I don’t even want to think about how my site rates there.

And while we’re at it, the ages-old list of bad domain names.

Seasonal Effect Disorder

| Nov. 15, 2007

It’s the 15th of November, it’s 82 degrees and you are fucking kidding me.

Winter of Discontent

But apparently it “feels like” 80. No it doesn’t. It feels like July.

Emergency 411: Finding Parking

Emergency 411 | Nov. 14, 2007

I freely admit, I’ve got a little bit of a hangup about finding parking in LA. For this year’s Mobifest Toronto I put together a how-to of invaluable parking tips that border on the criminal — because when looking for a parking spot, it’s every motorist for himself.

Plus, I am fortunate enough that this is one of two entries of mine accepted as finalists for Mobifest Toronto!

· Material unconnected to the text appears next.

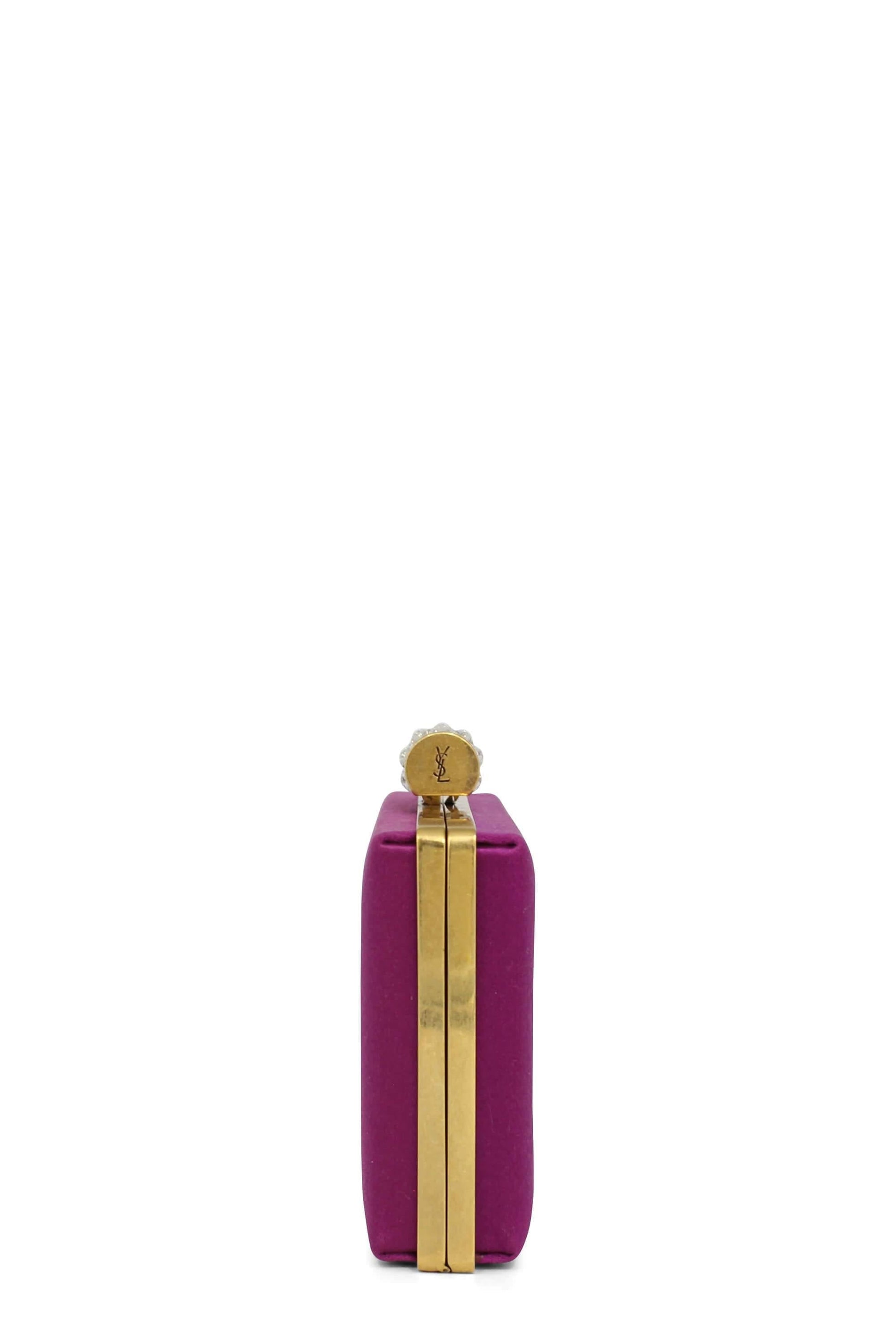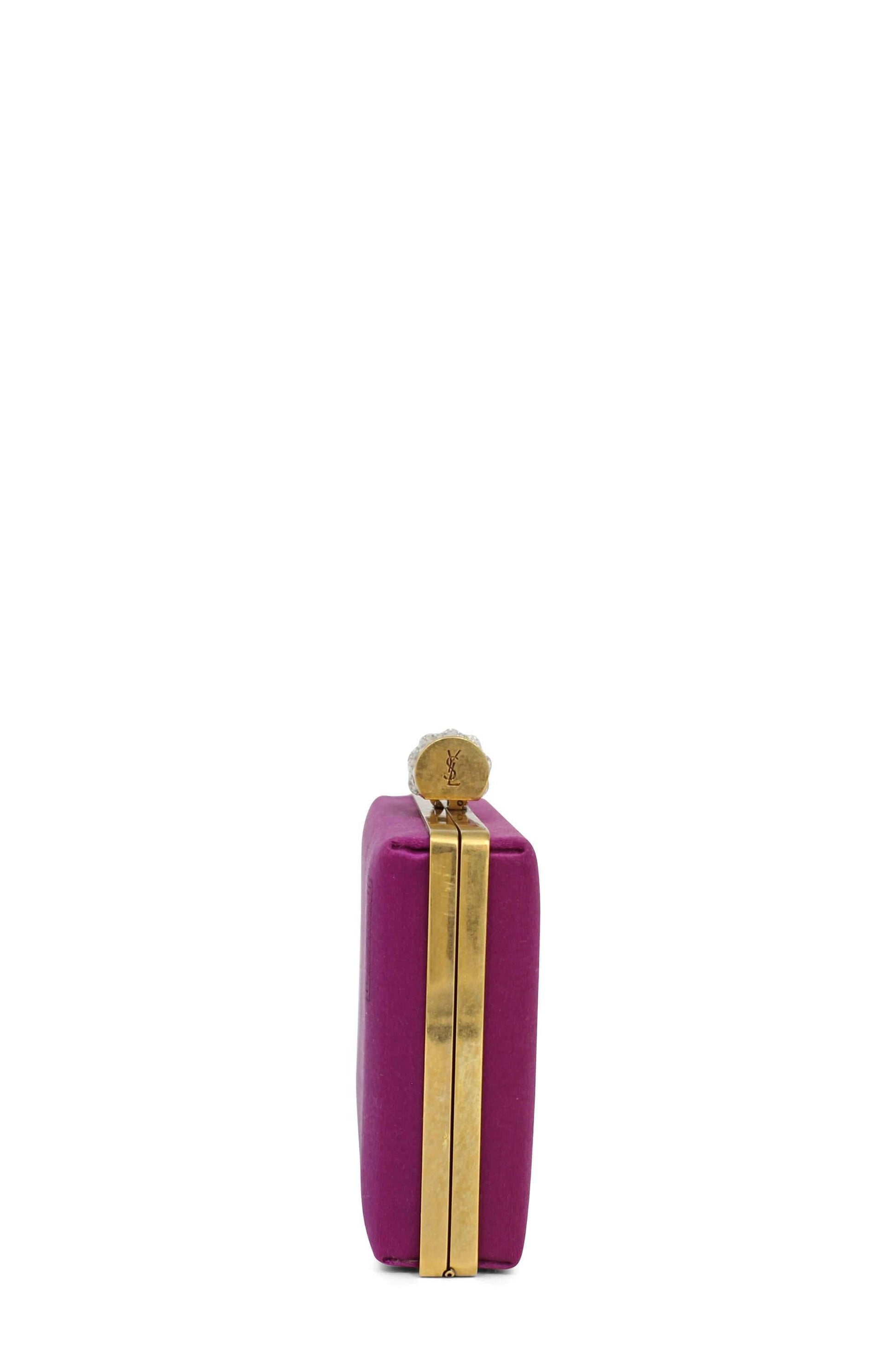 While many of the YSL handbags play it safe, the Yves Saint Laurent Minaudiere Satin Clutch goes out on a limb to bring a different look for a fun handbag. This box clutch is designed with refined satin and sports the YSL address print detail on the front, giving the clutch the resemblance of a letter. There is a rhinestone twist-lock closure and two open interior pockets.

For more entries, check out my profile, or the other great submissions at mobifest.net!

The Hundred Dollar Laptop, yours for $400

| Nov. 13, 2007

What started innocently as flame bait on thepete.com managed to turn into a full-length tirade, in which I reply to my friend the eponymous Pete, about how the $400 OLPC laptop is just about the most extravagant, useless toy self-satisfied geeks have bestowed upon the third world. The idea behind the laptop is that it is a tool to better educate the children of developing nations so they can become better farmers, diplomats, 419 scammers, and camwhores, but it doesn’t live up to the hype.

And I hope they don’t mean for the laptop to be a literal tool for farming, because things like shovels, seed, and a plough will do a lot more to actually feed a family than a link to subsistence farming on WikiHow.

$400?! Damn you, inflation!This laptop is a luxury item, and to developing nations, it’s a bowling ball present. When the people buying them are singing its praises about how one can chat, surf the web and blog with it, I’m not convinced of the laptop’s efficacy as an educational tool. The thing’s got a D-pad and buttons. This isn’t an educational tool, it’s a Nintendo DS! A school I would believe.

Nevermind that the laptop also needs an internet connection to actually find any of this essential information online, and trained people to maintain that network infrastructure. I don’t know if countries that lost a third of their population to civil war will find the time to spec out an IT department.

But most of all, this sounds like the 21st century equivalent of the wide-eyed optimism of the 1950s that the television would become some sort of learning box panacea. And we all know how that turned out (Baby Einstein, anyone?).

I think the OLPC is a neat little laptop, if a little underpowered and with a smaller HD than my phone, and owning one might be fun. But the idea that this is what the 3rd world really needs, over things like food, medicine, sustainable farming methods and free public education? Give me a break. This is an over-extravagant way of educating one child. A school would be better, and is less likely to get stolen or sold for something useful.

Oh, and we don’t have one laptop per child in America… and we’re expecting this to catch on in Somalia?

A climate of fear

| Nov. 6, 2007

I had just finished reading several articles on the popular link dump site reddit.com (a process I consider just slightly less productive than, say, masturbation), when I realized… I’m more afraid of Homeland Security, the FBI, the RIAA, extraordinary rendition, being Tazered by cops, having my computer seized, my possessions confiscated, or my person indefinitely detained by airport security than I am about any terrorist.